Namely, the capped collections (do a search for mongodb capped collections for more info)
And the fast increment operation for things like keeping track of page views, hits, etc.
http://blog.mongodb.org/post/171353301/using-mongodb-for-real-time-analytics
Doesn't sound like it would be a problem. MySQL is very fast.
For storing logging data, use MyISAM tables -- they're much faster and well suited for web server logs. (I think InnoDB is the default for new installations these days - foreign keys and all the other features of InnoDB aren't necessary for the log tables). You might also consider using merge tables - you can keep individual tables to a manageable size while still being able to access them all as one big table.
If you're still not able to keep up, then get yourself more memory, faster disks, a RAID, or a faster system, in that order.
Also: Never throwing away data is probably a bad idea. If each line is about 200 bytes long, you're talking about a minimum of 50 GB per year, just for the raw logging data. Multiply by at least two if you have indexes. Multiply again by (at least) two for backups.
You can keep it all if you want, but in my opinion you should consider storing the raw data for a few weeks and the aggregated data for a few years. For anything older, just store the reports. (That is, unless you are required by law to keep around. Even then, it probably won't be for more than 3-4 years).
Also, look into partitioning, especially if your queries mostly access latest data; you could -- for example -- set-up weekly partitions of ~5.5M rows.
If aggregating per-day and per hour, consider having date and time dimensions -- you did not list them so I assume you do not use them. The idea is not to have any functions in a query, like HOUR(myTimestamp) or DATE(myTimestamp). The date dimension should be partitioned the same way as fact tables.
With this in place, the query optimizer can use partition pruning, so the total size of tables does not influence the query response as before.
This has gotten to be a fairly common data warehousing application. I've run one for years that supported 20-100 million rows a day with 0.1 second response time (from database), over a second from web server. This isn't even on a huge server.
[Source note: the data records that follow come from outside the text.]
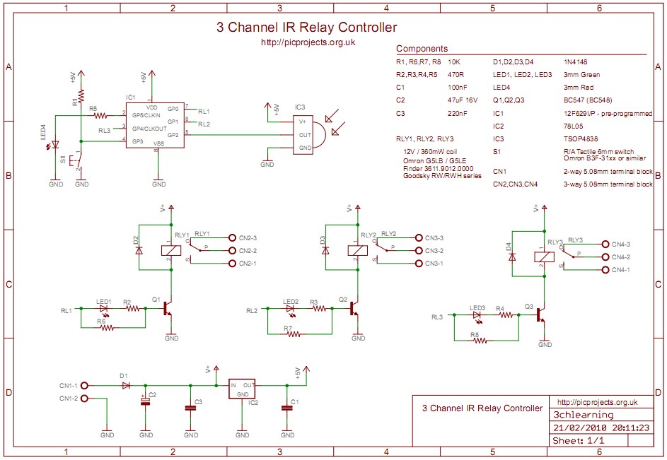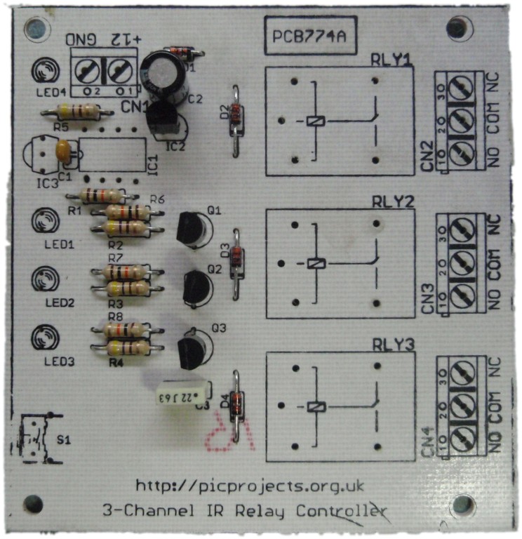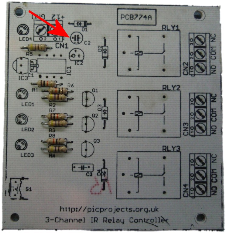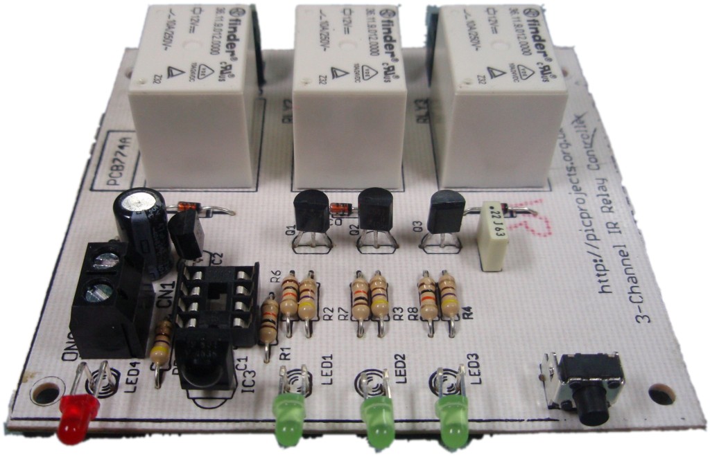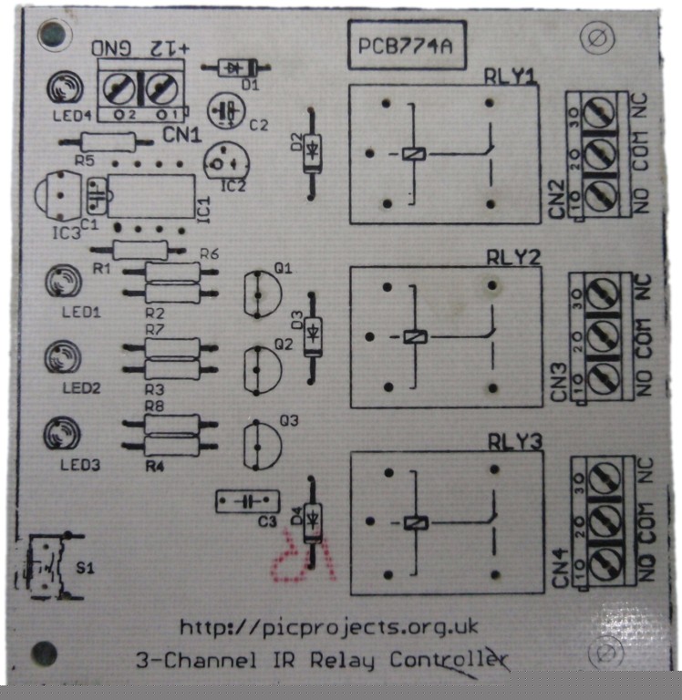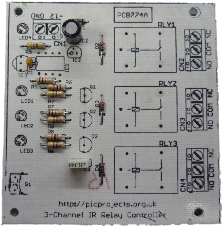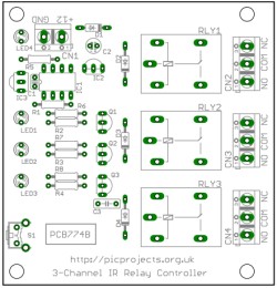 for the PIC microcontroller IC1 and the IR receiver IC3.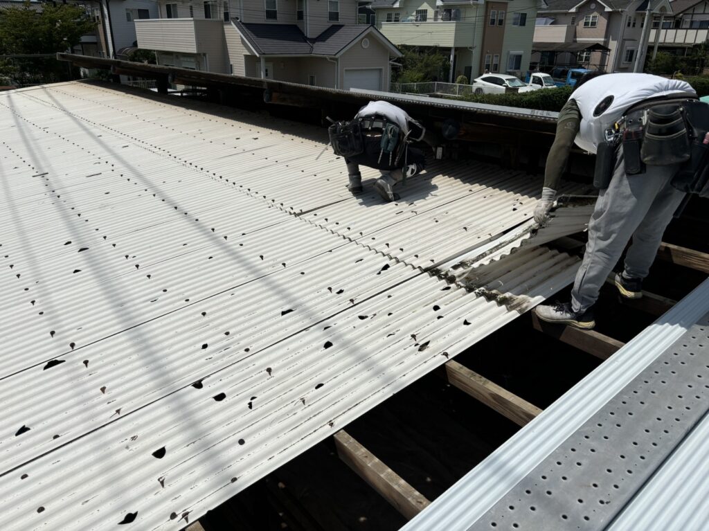R6.8月 伊勢崎市、ポリカ波板張替 2024年10月25日2024年10月25日 施工事例 0 Comments by sakurai 雹害にて穴が空いたポリカ波板屋根の張替を行いました Facebook X / Twitter Pinterest Previous Post Next Post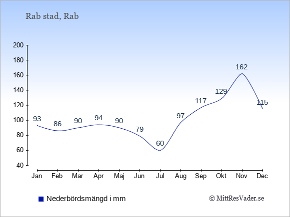 För att se hur vädret i Rab stad skiljer sig från vädret hemma, kan du också jämföra siffrorna måned för måned med motsvarande siffror för Sverige under samma period här: Rab stads klimat.
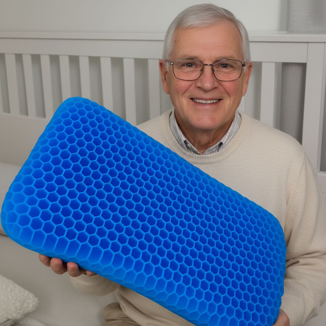 El GelConfort Pro está diseñado de forma diferente. La tecnología de gel reactivo distribuye la presión uniformemente por toda tu superficie de asiento, mientras que la estructura de panal de abeja previene la acumulación de calor que causa molestias. La formulación avanzada de gel mantiene su estructura de soporte, **manteniendo tu columna vertebral alineada naturalmente.**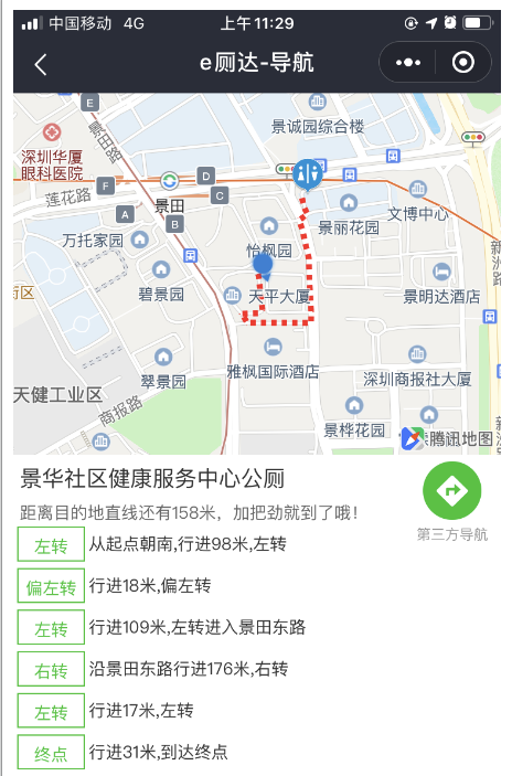第三個(gè)功能為導(dǎo)航找?guī)<热灰呀?jīng)查看到周邊有廁所分布,怎能不知道具體線路呢?“e廁達(dá)”中的“帶我去”按鈕可以輕松引領(lǐng)你去往定位的公廁。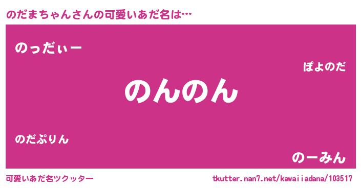 | 欧米人風あだ名 | 『アンジェラ・のだまちゃん』 |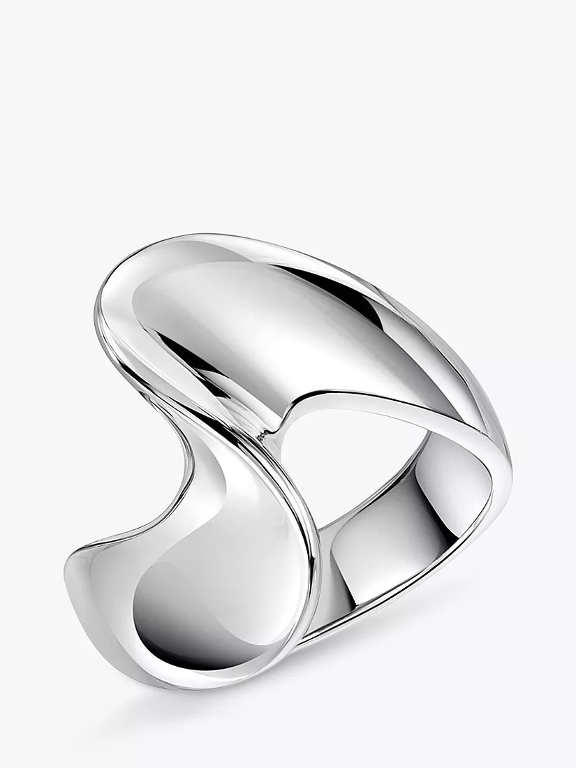 A ring with a twist. This polished band ring is made from sterling silver and has a rhodium finish for tarnish free wear.
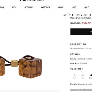 I attached screenshots from the real real for example . these are slightly used pink cube hair ties, the cubes has little charms inside as well as the monogram . the middle gold metal piece that moves around is engraved with louis vuitton paris text .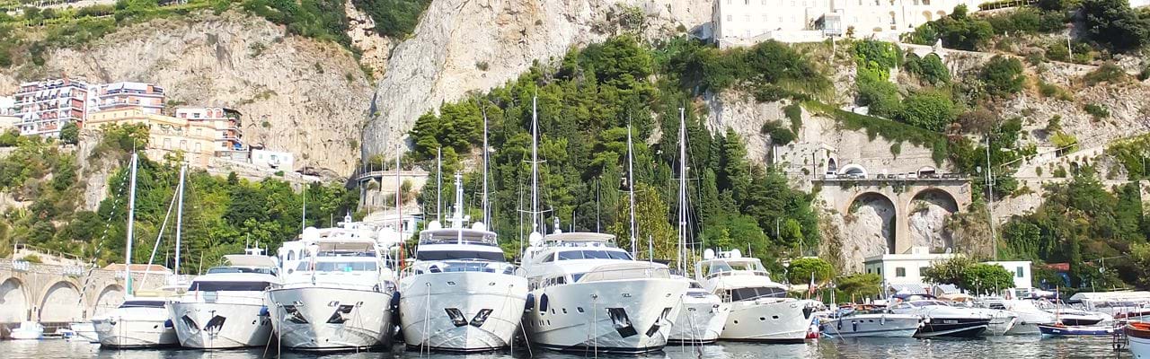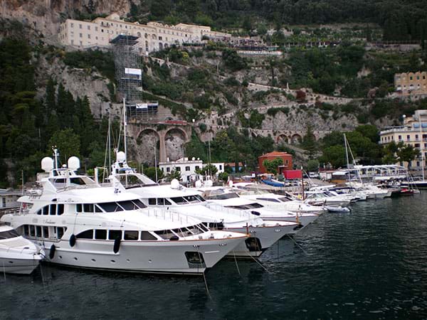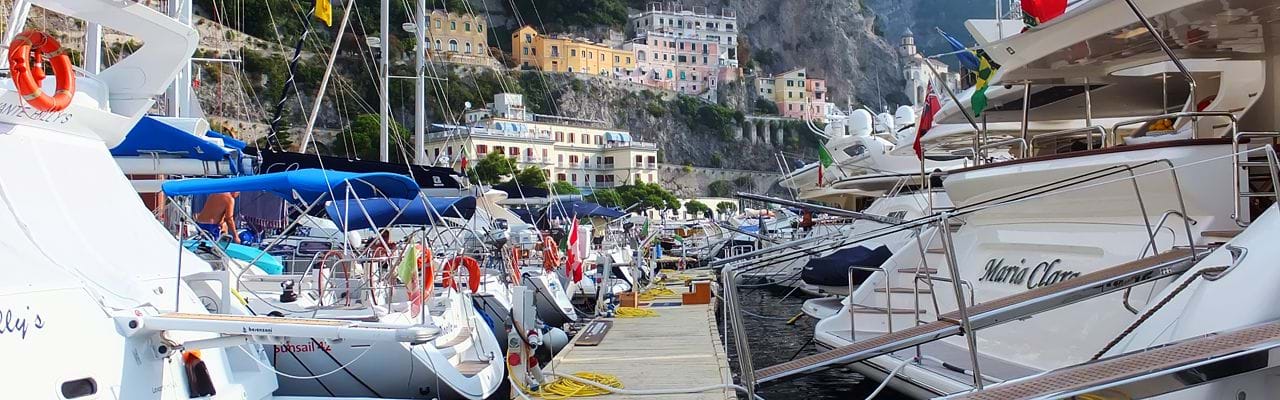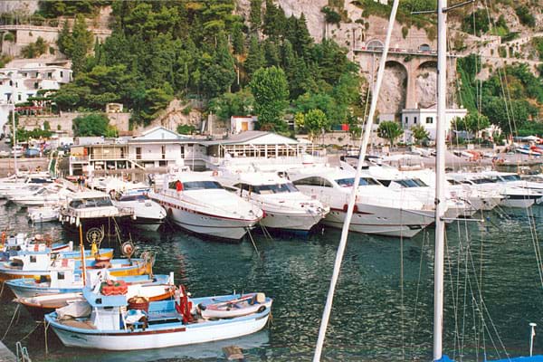 Il porto di Amalfi è protetto a SW da un molo foraneo di 190 m e ad E da un molo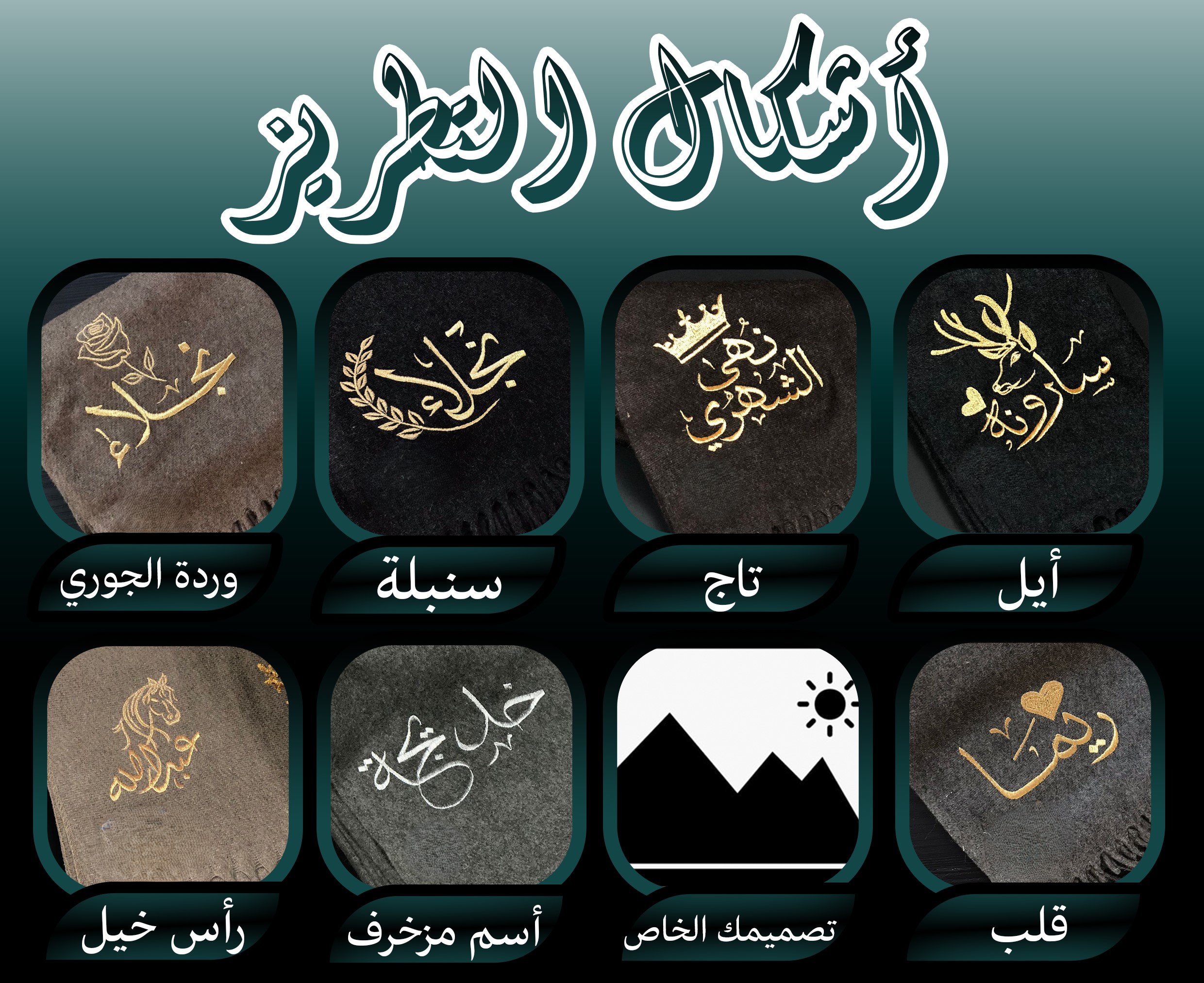 - التصميم: يتميز بتطريز جميل واضافه اسم حسب الطلب لإضافة لمسة عربية أصيلة وأنيقة.

Your data volumes aren't too large, so I wouldn't think you'd need very expensive hardware. But I'd still go multi-core, 64-bit with a lot of memory.
But you will want to mostly hit aggregate data rather than detail data - especially for time-series graphing over days, months, etc. Aggregate data can be either periodically created on your database through an asynchronous process, or in cases like this is typically works best if your ETL process that transforms your data creates the aggregate data. Note that the aggregate is typically just a group-by of your fact table.
As others have said - partitioning is a good idea when accessing detail data. But this is less critical for the aggregate data. Also, reliance on pre-created dimensional values is much better than on functions or stored procs. Both of these are typical data warehousing strategies.
Regarding the database - if it were me I'd try Postgresql rather than MySQL. The reason is primarily optimizer maturity: postgresql can better handle the kinds of queries you're likely to run. MySQL is more likely to get confused on five-way joins, go bottom up when you run a subselect, etc. And if this application is worth a lot, then I'd consider a commercial database like db2, oracle, sql server. Then you'd get additional features like query parallelism, automatic query rewrite against aggregate tables, additional optimizer sophistication, etc.